Social Interaction Perception in the Brain

Figure 1: Lateral Stream and the Ventral Stream.

Methodological Overview

Figure 2: From left to right - Participants watch 3 sec naturalistic, social videos and collection of behavioral ratings of videos on predefined social interaction dimensions. Diverse range of DNN models and extraction of their feature activation in response to video stimuli (bottom). Next, these features are then structured into representational dissimilarity matrices (RDMs) by computing pairwise Pearson correlation distances across all pairs of stimuli (middle). ROI identification within the brain's lateral and ventral stream followed after standard preprocessing pipeline using GLM (top). The resultant RDMS for each model layer are compared against the neural RDMS derived from fMRI data (top), indicating the similarity between the model's representation of the stimuli and brain's response patterns. The veRSA approach (bottom, end) builds on the cRSA framework by incorporating a voxel-wise predictive modeling step (middle, bottom) by fitting the model features to the brain data using ridge regression. Predicted brain responses are then converted to RDMs, using Pearson correlation distances. These predicted RDMs are compared to the neural RDM to compute a weighted correlation score that reflects the model's predictive accuracy at the voxel level.

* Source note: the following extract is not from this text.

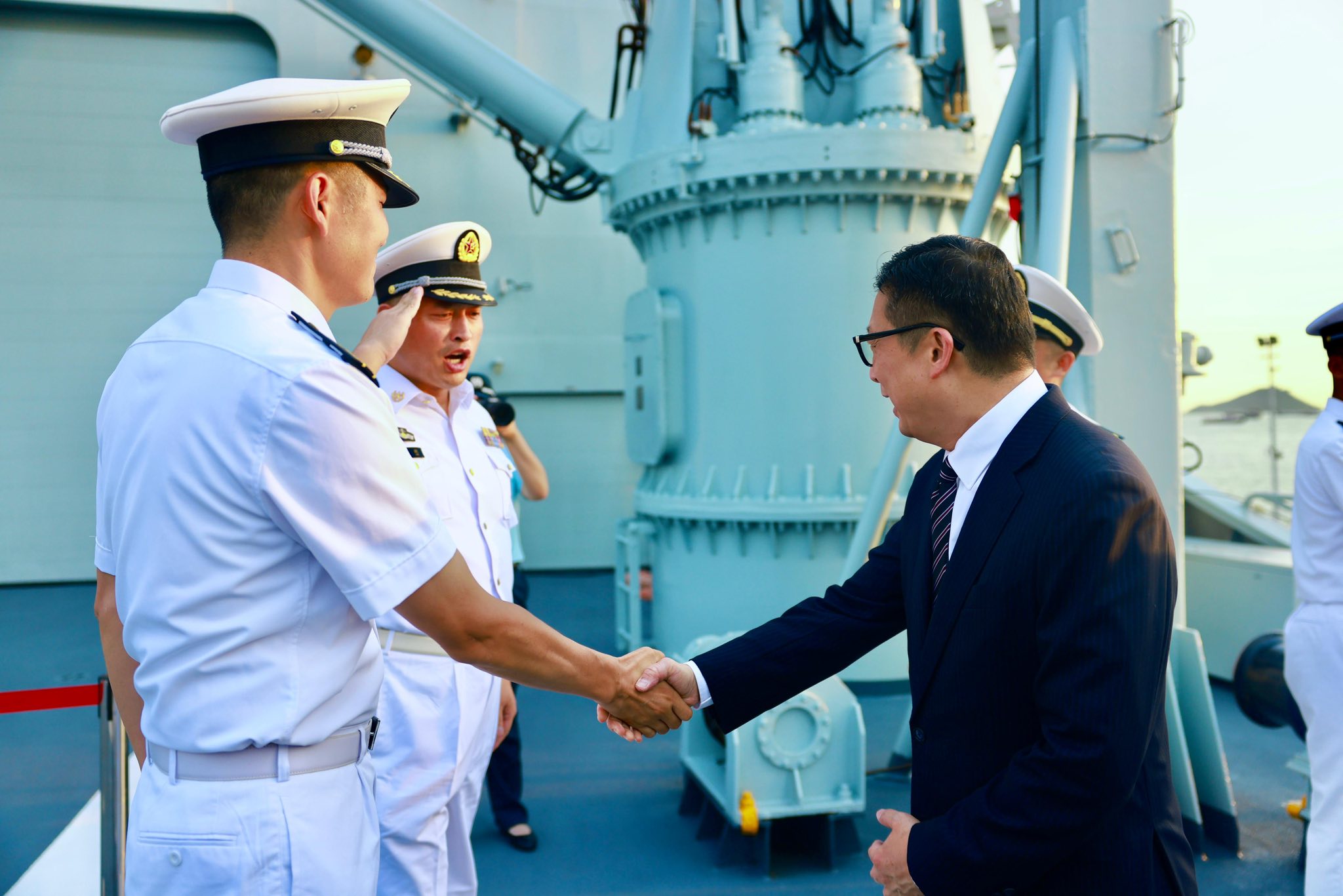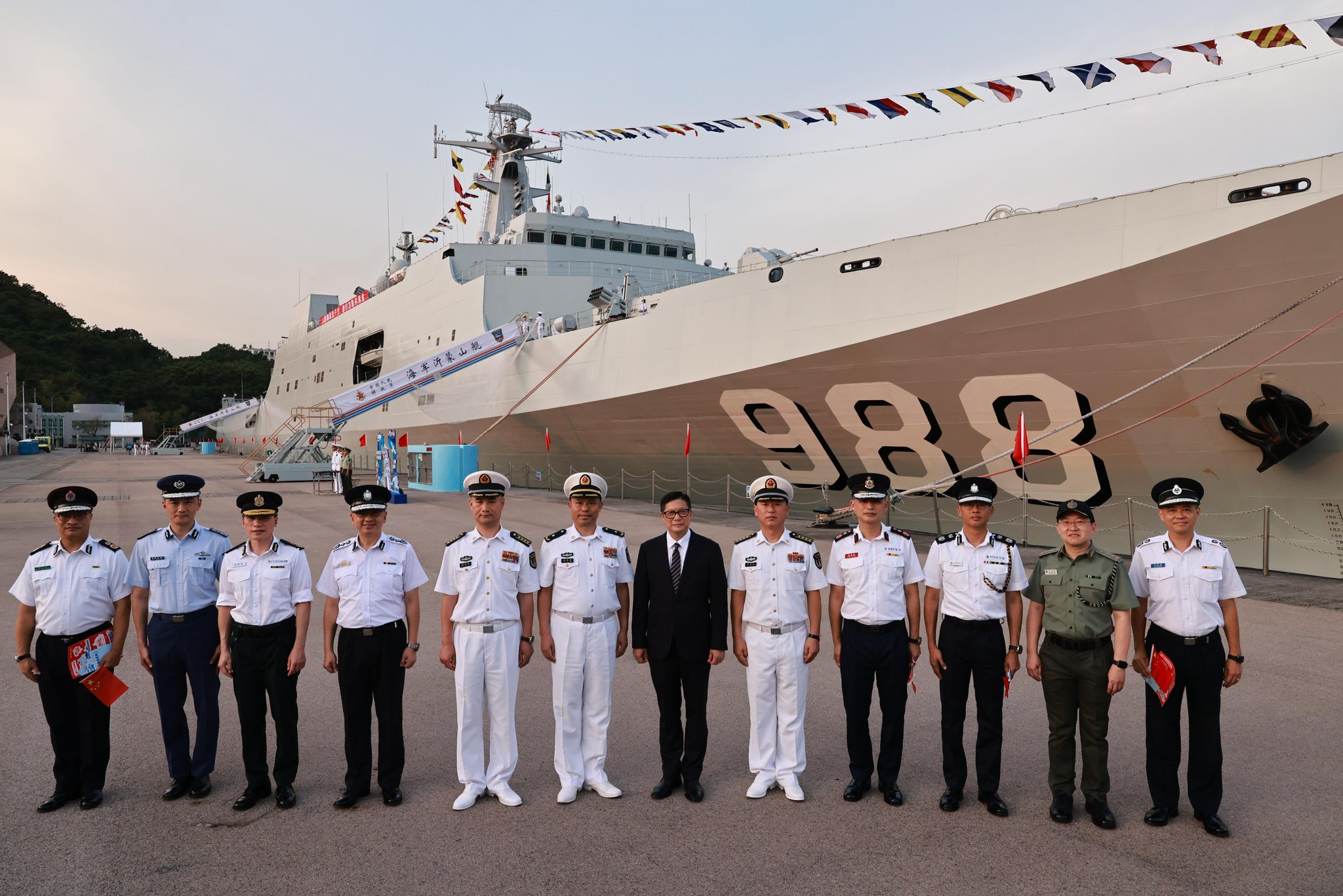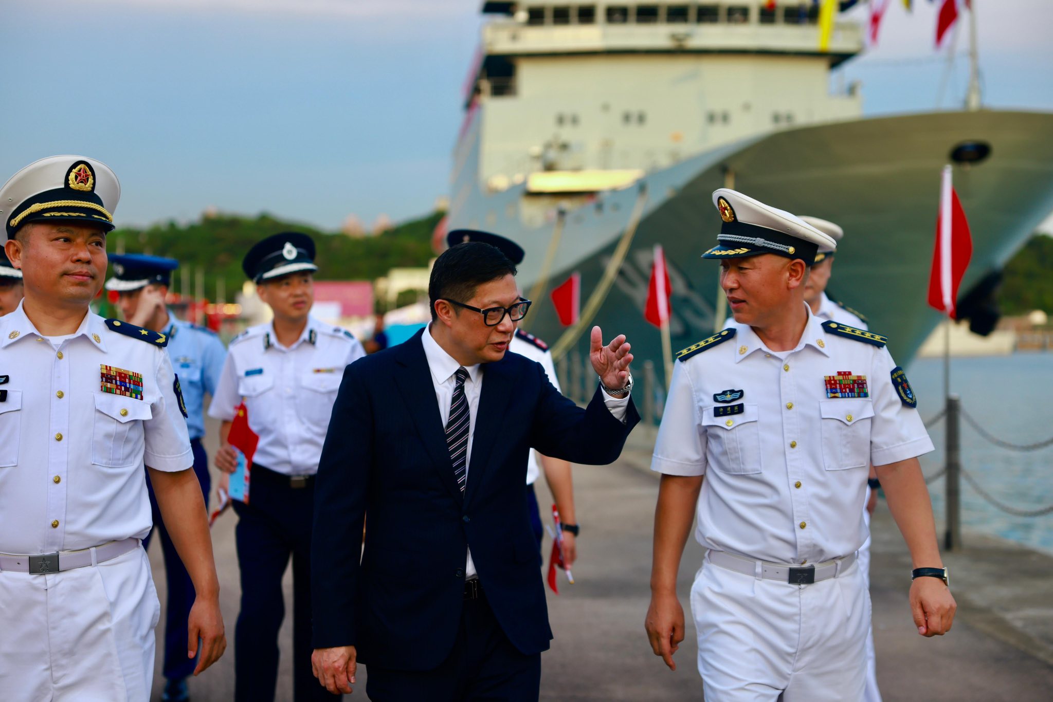 大公文匯全媒體報道,保安局局長鄧炳強今日(30日)下午與一眾紀律部隊首長代表登上首次來港的戚繼光艦和沂蒙山艦參觀,並與解放軍海軍交流。鄧炳強在社交平台發文表示,艦上一系列專業裝備及先進的訓練設施,充分展現國家海軍的現代化實力及多元作戰能力。

Similarity of DNN with Social Features in Visual Scenes

Figure 3: Correlation Between AlexNet Layers and Behavioral Ratings - Correlations based on cRSA between each convolutional layer of AlexNet and two behavioral ratings: Expanse (left) and Communication (right). Bar height represents the Spearman correlation coefficient for each layer, numbered 1 through 5 along the horizontal axis, indicating the sequence of the convolutional layers from input to output within the network. Blue bars indicate statistically significant correlations (p < 0.05 based on permutation test). Gray bars signify statistically insignificant results.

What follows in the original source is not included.